FWIW, the hughes bolts probably do not need to be shorter, the aluminum plate is much thicker than the steel plate. At least double.
When I changed the plate on my 2001, the steel plate was so clean you coult literally eat off it. Not even residue!! I attest that to religious oil changes with mobil 1 synthetic and never using additives like "engine restore." That stuff makes timing chains look like burnt toast and gives that gritty burnt look to all metal parts (like valvesprings). I bought a can of engine restore, and there was a bunch of gritty sediment in it. If you don't shake the can, it settles, so as you pour it this MUD comes out at the end. Basically that sediment fills in scratches in the cylinders and bakes in permanent to help restore compression. The downside is that it also coats and bakes on everything else in the engine.
I honestly didnt mean that to suggest any one statement or person but more a common pratice that happens on these forums all too often.And since I saw you had already used the Hughes kit (In your Signature) I wasnt referring to you In any case... I see your point I was just trying to make mine understood so the op could make more educated decision based on his take on it.
Here are other things I have that are not in my sig because they are not really MODS by definition:
1. aftermarket wires.
2. cloth air filter
3. derale deep tranny pan with cooling tubes.
4. tranny temp and wideband AF gauges.
5. circulating engine block heater.
6. cross drilled and slotted rotors(Maybe that is a mod, but it is just brakes)
7. Chrome Brushguard with chrome nerf bars
not to mention my 180* thermostat which is not really a mod.
Don't let the sig fool you.
The cooling system has been working "too well" in my truck. But I can;t complain because overheating is not an issue anymore. With my 2006, I was moving from Ft Sill oklahoma to Monterey california (end of june), and i had to drive the truck from 5AM to 10 AM to beat the heat through the southwest!!! I was caught on the highway in the desert of arizona at 11AM and I had to turn off the AC in 100 degree weather. Not fun!
Do you have a 5.2 or 5.9?
We don't see regular complaints of transmission pan gaskets being thrashed, despite them being sandwiched between aluminum cases and steel pans.

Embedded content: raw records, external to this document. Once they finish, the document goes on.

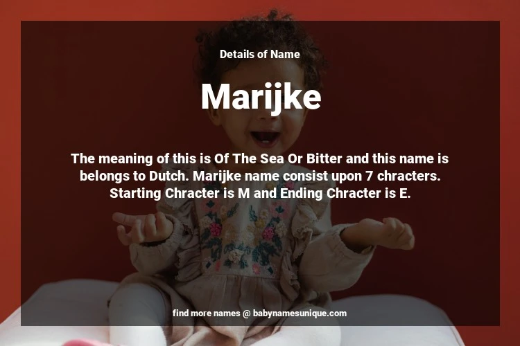 The name Marijke is chosen by those who are willing to find Unique Transgenders Baby Names. The meaning of this is Of The Sea Or Bitter and this name is belongs to Dutch Origin. Baby Name Marijke consist upon 7 chracters. Starting alphabet is M and ending alphabet is E. This name is used primarily by parents who are considering unique baby names for Transgenders. The Zodiac Sign suitbale for this name are;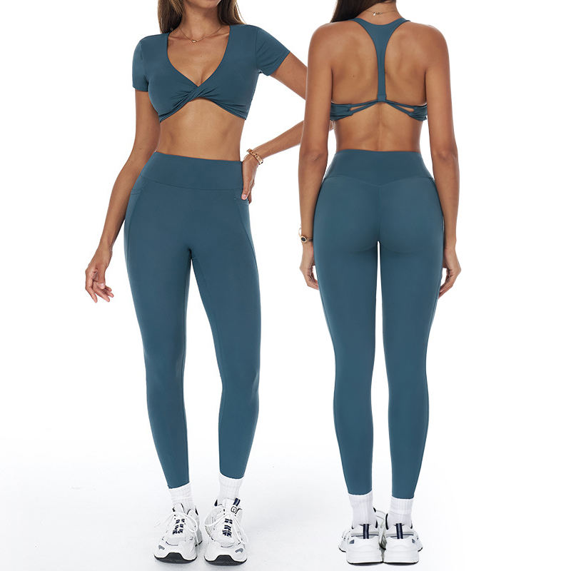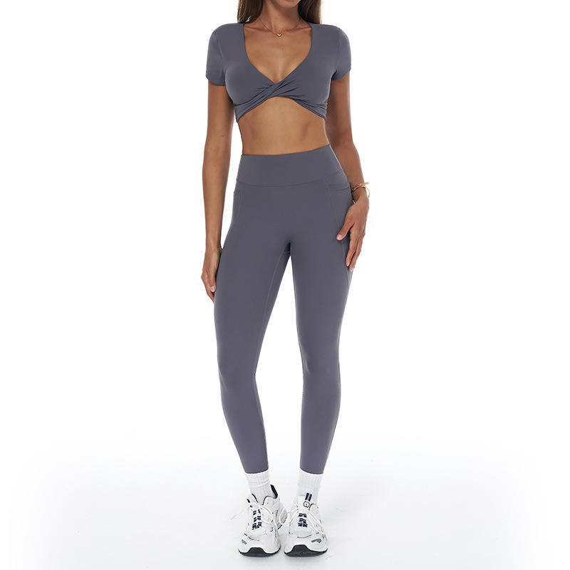 ชุดโยคะบราเซ็กซี่ทันสมัย ระบายอากาศได้ดี แห้งเร็ว กางเกงเอวสูง แขนสั้น ลายเรียบ สำหรับวิ่งออกกำลังกายกลางแจ้ง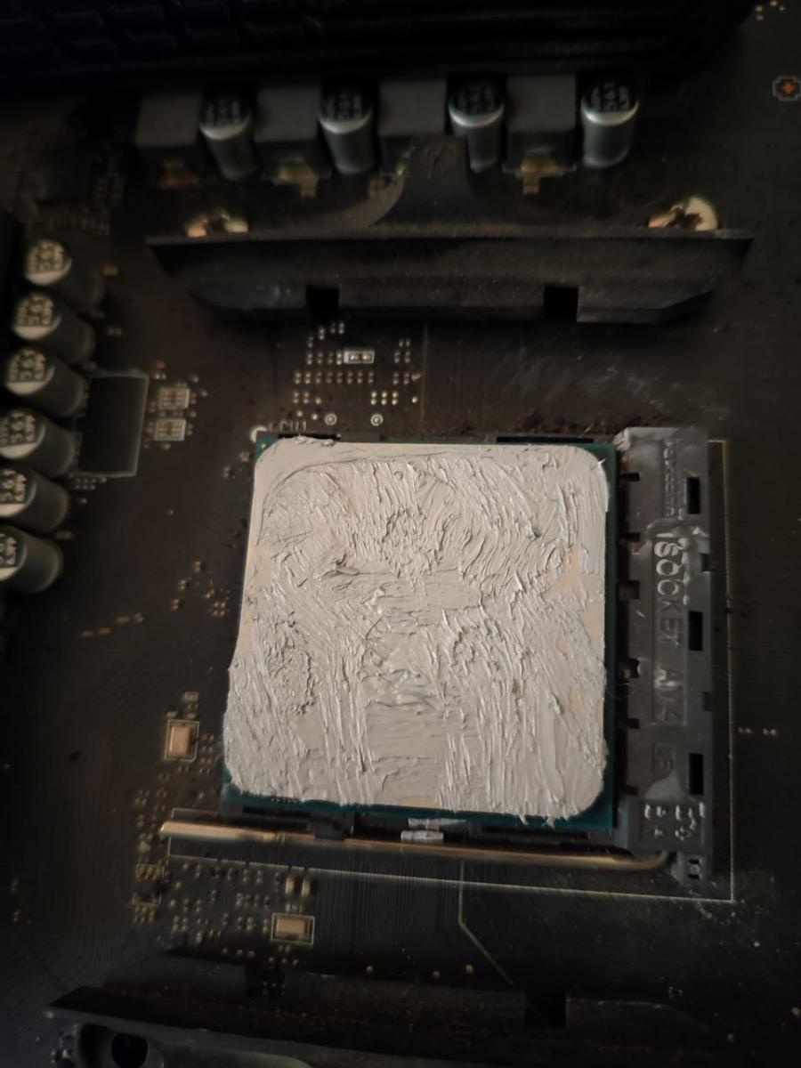 Я уже боюсь откручивать кулер на сокете AM4 — ведь в 99% случаев процессор прилипает к пятке кулера. Каждый раз это как игра в рулетку... Надеюсь, это была последняя замена термопасты на этом «особенном» сокете. И знаете что? Я был реально в шоке: кулер не прилип к крышке процессора! Чудеса, да и только. Наверное, просто повезло.

Sure, they don't see quite as much pressure differential across them but the difference just isn't that great. You can pull more vacuum with your mouth -- whip out your vacuum gauge and give it a suck. I promise it won't... oh, wait, this is a family friendly forum.
If/when my plenum gasket lets go I'm going to buy a high quality gasket and some shorter bolts. If it proves me wrong I'll be sure to jump in here and admit to it.
you may be able to pull more vac with your mouth, but that is due to different breathing mechanics.
You can actually pull more vac in your mouth than your vac cleaner can pull. But your vac cleaner can pull more volume. Don;t believe me? Try sucking 5 gallons of water through a shop vac hose and compare that to the shop vac doing the sucking. Guarantee the shop vac sucks the 5 gallons faster than you can.
You can actually pull more vac in your mouth than your vac cleaner can pull. But your vac cleaner can pull more volume. Don;t believe me? Try sucking 5 gallons of water through a shop vac hose and compare that to the shop vac doing the sucking. Guarantee the shop vac sucks the 5 gallons faster than you can.